Segment Start: DATA EXTRACTS
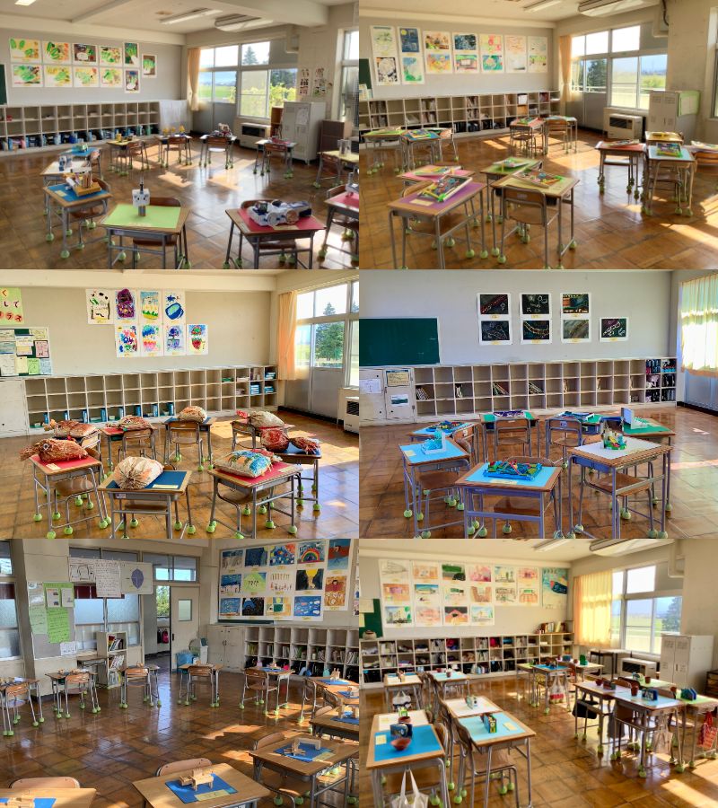 各教室に、子どもたちがじっくり取り組んだ絵画作品、工作作品が並びました。どの作品にも子どもたちのこだわりや工夫が見られ、素敵な作品ばかりでした。
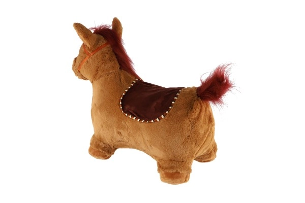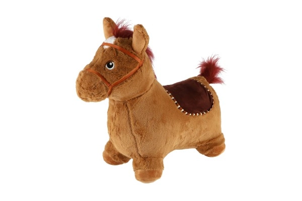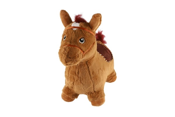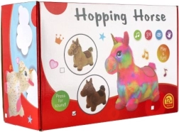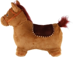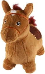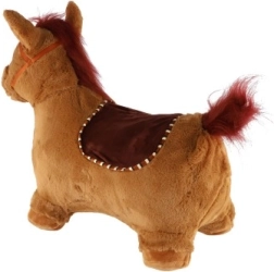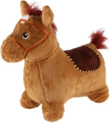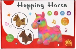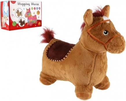 Това сладко подскоци с кафяв плюшен калъф е идеално за деца от 12 месеца. Ергономичната форма помага за развитие на стабилност, моторика и равновесие, докато ушите служат като практични дръжки за по-сигурен захват. При натискане на бутона под гривата кончето издава весели звуци, които мотивират за още игра.
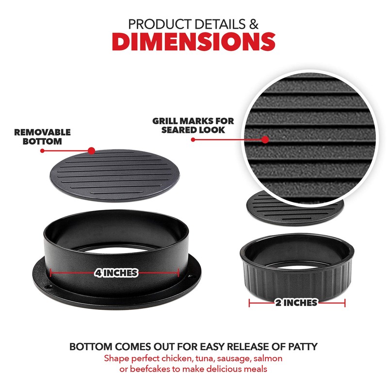 - Inside diameter 2.5- inch slider and 4- inch burger; Top shelf dishwasher and BPA safe burger maker
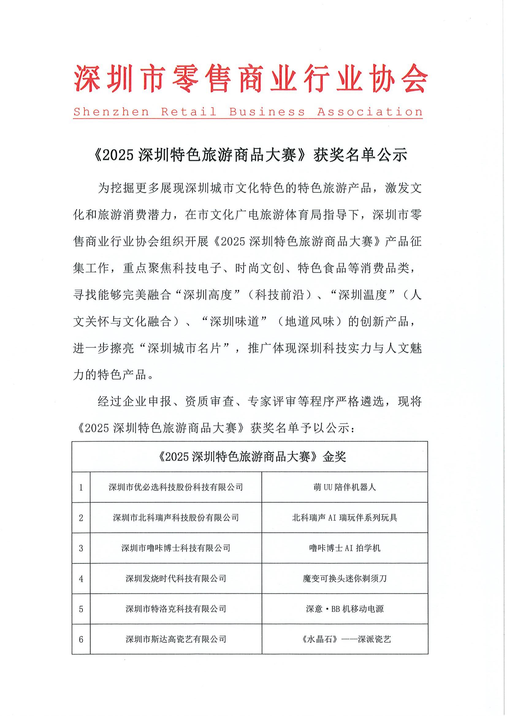 《2025深圳特色旅游商品大賽》獲獎名單公示
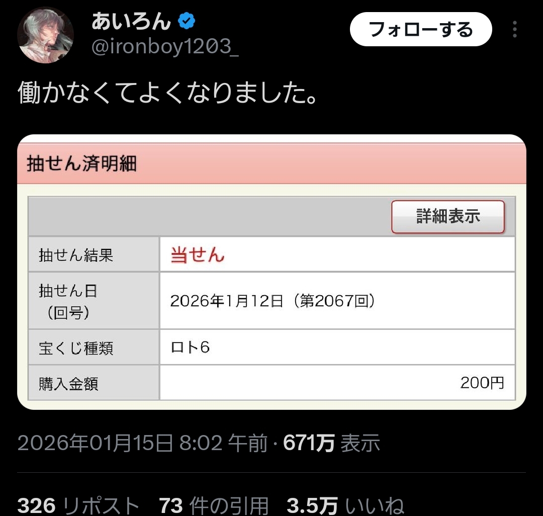 | … | 6326/01/15(木)18:52:36No.1392729395+>>人生一発逆転を狙って宝くじを買うやつなんていない |
Segment End: DATA EXTRACTS
■ TASK PROMPT ■
All records must be output exactly as they are, except for the pictures, which are left out.

■ PROBLEM SOLUTION ■
 各教室に、子どもたちがじっくり取り組んだ絵画作品、工作作品が並びました。どの作品にも子どもたちのこだわりや工夫が見られ、素敵な作品ばかりでした。
 Това сладко подскоци с кафяв плюшен калъф е идеално за деца от 12 месеца. Ергономичната форма помага за развитие на стабилност, моторика и равновесие, докато ушите служат като практични дръжки за по-сигурен захват. При натискане на бутона под гривата кончето издава весели звуци, които мотивират за още игра.
 - Inside diameter 2.5- inch slider and 4- inch burger; Top shelf dishwasher and BPA safe burger maker
 《2025深圳特色旅游商品大賽》獲獎名單公示
 | … | 6326/01/15(木)18:52:36No.1392729395+>>人生一発逆転を狙って宝くじを買うやつなんていない |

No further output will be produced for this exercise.